I would talk to Cliff or his wife Judy, who usually answers the phone, and they can get you a tracking number. I am about as far away as you can get from Sacramento, and mine left on a Monday and arrived Saturday. Where are you located?? Got to be closer. They ship FEDEX.. 

Best of luck. 

Roger


----------



## Steve Stockham (Jan 2, 2008)

This has to be about the nicest locomotive Accucraft has ever done! The detailing is _tremendous! _Looking at these models, I can only even more regret the scrapping of C&S #1 for a metal drive in WW II as we lost a work of art! Truly, these models are museum class pieces of art! (To get to play with them is "frosting on the cake!")


----------



## David Fletcher (Jan 2, 2008)

Acc have indeed done a great job on this, I couldn't be more happy with the outcome as far as prototype accuracy and detail. 
Its great to think also its been 9 years in the making with so much interest first done in large scale here at MLS, and a Zubi and Jason then taking it to Accucraft as a good idea to build for anyone who wanted one enough.

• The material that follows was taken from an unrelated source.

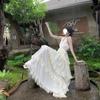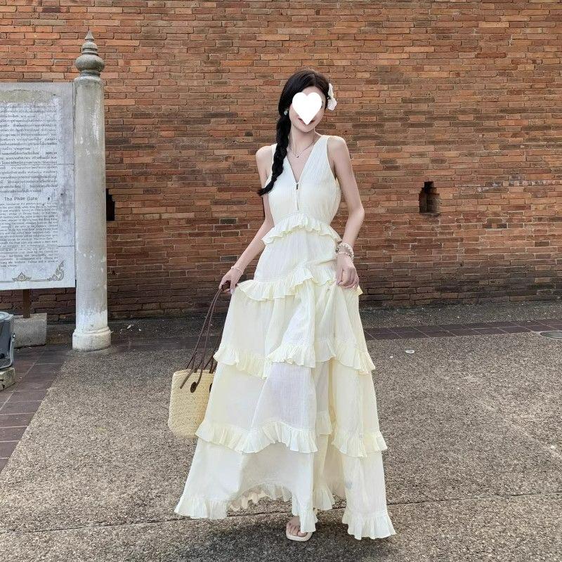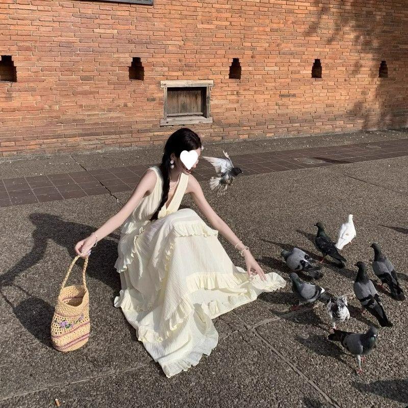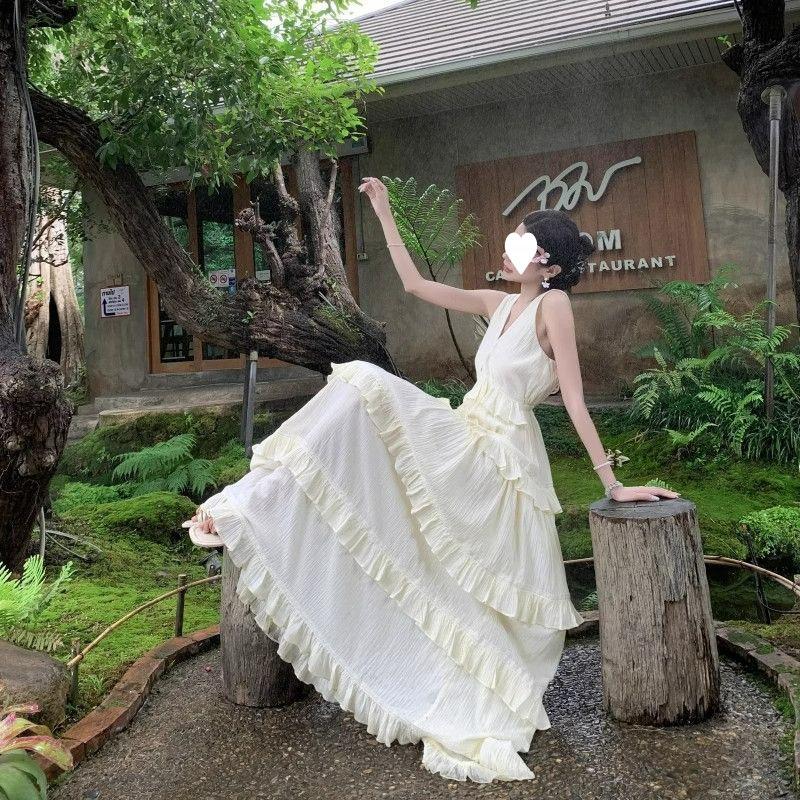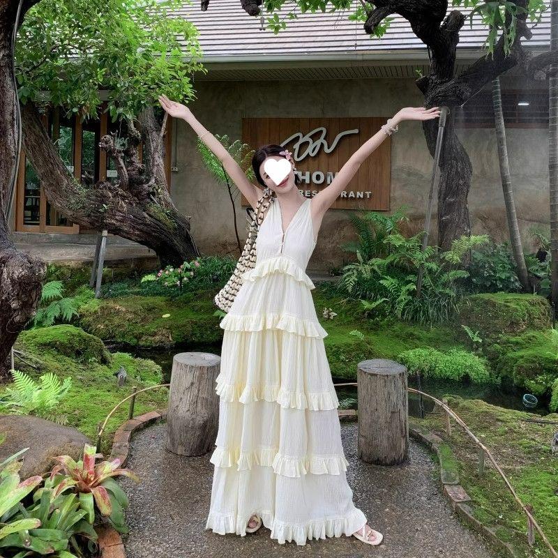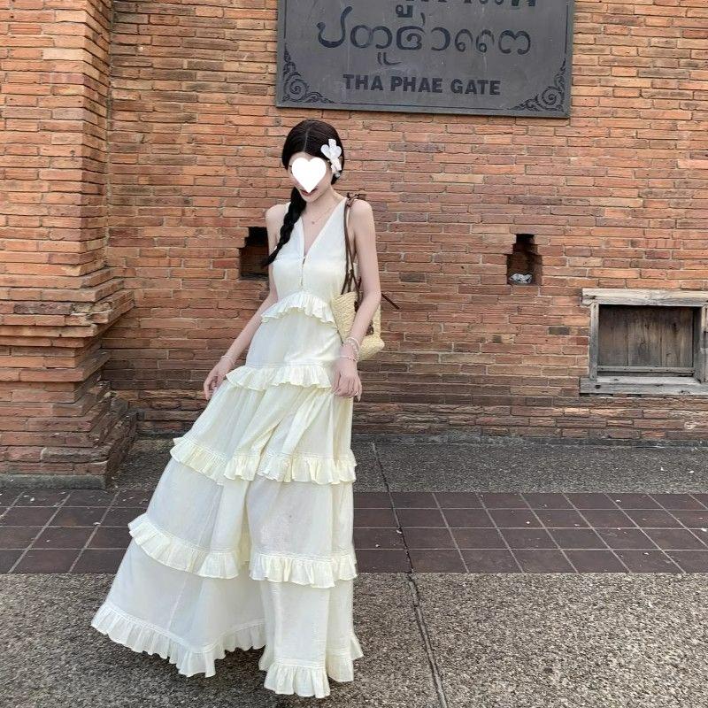 Vestido de Pastel Vacacional Suave de Estilo Francés para Mujer, Estilo Deseo Puro de Verano con Bordes con Volantes, Elegante Vestido Largo sin Espalda

Accucraft have certainly exceeded my expectation on the decoration - I pushed hard, and got every single line and colour without any concerns from their end, a real can-do effort. 

Here's where it all started, what fine models we built as an on-line group: 

http://www.mylargescale.com/Community/Forums/tabid/56/aff/21/aft/32404/afv/topic/Default.aspx 

David.


----------